Mittal, Glencore Said to Be Among Potential Simandou BidsThomas Biesheuvel and Jesse Riseborough
Lakshmi Mittal’s ArcelorMittal and Glencore Plc are among potential bidders for Guinea’s Simandou project, the world’s largest untapped iron-ore deposit, after it was seized from Israeli billionaire Beny Steinmetz in April, according to people familiar with the matter.
ArcelorMittal, the world’s biggest steelmaker, has declared an interest in the bidding process for two licenses covering the Simandou project in Guinea, according to four people who asked not to be identified as the talks aren’t public. Glencore is also interested, people familiar with its plans said.
Leading mining and steelmaking companies are jostling for a share of the riches contained in Simandou, a remote, iron-bearing mountain range, to take advantage of prices for the raw material that have risen about 50 percent since 2008. Guinea has estimated that Simandou may cost $20 billion to develop, largely because it needs a 650-kilometer (400-mile) rail link.
Spokesmen for ArcelorMittal and Baar, Switzerland-based Glencore declined to comment. The Wall Street Journal reported last month that Glencore was interested in Simandou.
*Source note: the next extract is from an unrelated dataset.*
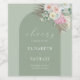 Este design de boho moderno apresenta uma forma verde-sábio decorada com um buquê floral tropical rosa e branco, realçado com folhas de palma secas e rotos de eucalipto num fundo verde-sábio pálido. A palavra "animações" aparece em um roteiro branco elegante. Personalize o rótulo com um brinde breve de sua escolha, junto com os nomes da noiva e do noivo e a localização e data do casamento.

The iron-ore position of Glencore pales in comparison with rivals BHP Billiton Ltd., Rio Tinto Group and Vale SA. Still, Chief Executive Officer Ivan Glasenberg has previously expressed reluctance to invest in expensive new mining operations known as “greenfield” projects. The rail and port component of Simandou has been estimated to cost more than $10 billion.
The project’s current lack of infrastructure may deter Glencore from bidding, one of the people said.
“The government of Guinea is confident of a strong line up of interested parties in the Simandou concession,” an external spokesman for the government said in an e-mailed statement.
Guinea in April revoked rights to half the Simandou project controlled by a venture between Steinmetz’s BSG Resources Ltd. and Brazil’s Vale, following claims of bribery and corruption. The decision has sparked legal battles for control of the asset.
BSGR plans international arbitration with Guinea over the seized licenses, it said after being stripped of the asset. Any attempt to negotiate fresh rights to Simandou would be challenged as unlawful, the company said in May.
Rio in April sued Vale, Steinmetz and BSGR, saying they conspired to steal rights to Simandou. The three deny any wrongdoing. A Guinean review in April said the evidence suggested Vale wasn’t involved in corruption. Vale and BSGR had planned a $10 billion mine, port and rail project on the coveted, iron-rich ground.
Vale, which today announced a $500 million impairment related to Simandou, is seeking compensation for investment made at the project, CEO Murilo Ferreira told investors on an earnings conference call.
Rio maintains ownership of blocks 3 and 4 at Simandou. Rights to blocks 1 and 2 were stripped from the London-based company by Guinea in 2008 and given to BSGR for free. The West African nation is poised to announce a formal tender process for the two seized licenses, two of the people said.
ArcelorMittal has sought to expand its own iron-ore business to cut reliance on mining companies for the key steelmaking ingredient. The Luxembourg-based company, 39 percent-owned by billionaire Mittal, operates an iron-ore mine in neighboring Liberia and is in talks with BHP about gaining a stake in the Nimba mine in Guinea.
Rio has said that Simandou could start production 2018. The project is capable of producing 100 million metric tons of the steelmaking raw material annually, doubling the West African nation’s gross domestic product and adding 45,000 jobs, according to Rio, its project partners and the government.
Simandou could produce as much as 150 million tons a year, according to Sanford C. Bernstein Ltd. That would be enough to satisfy about 12 percent of the world’s iron ore demand last year, according to Morgan Stanley.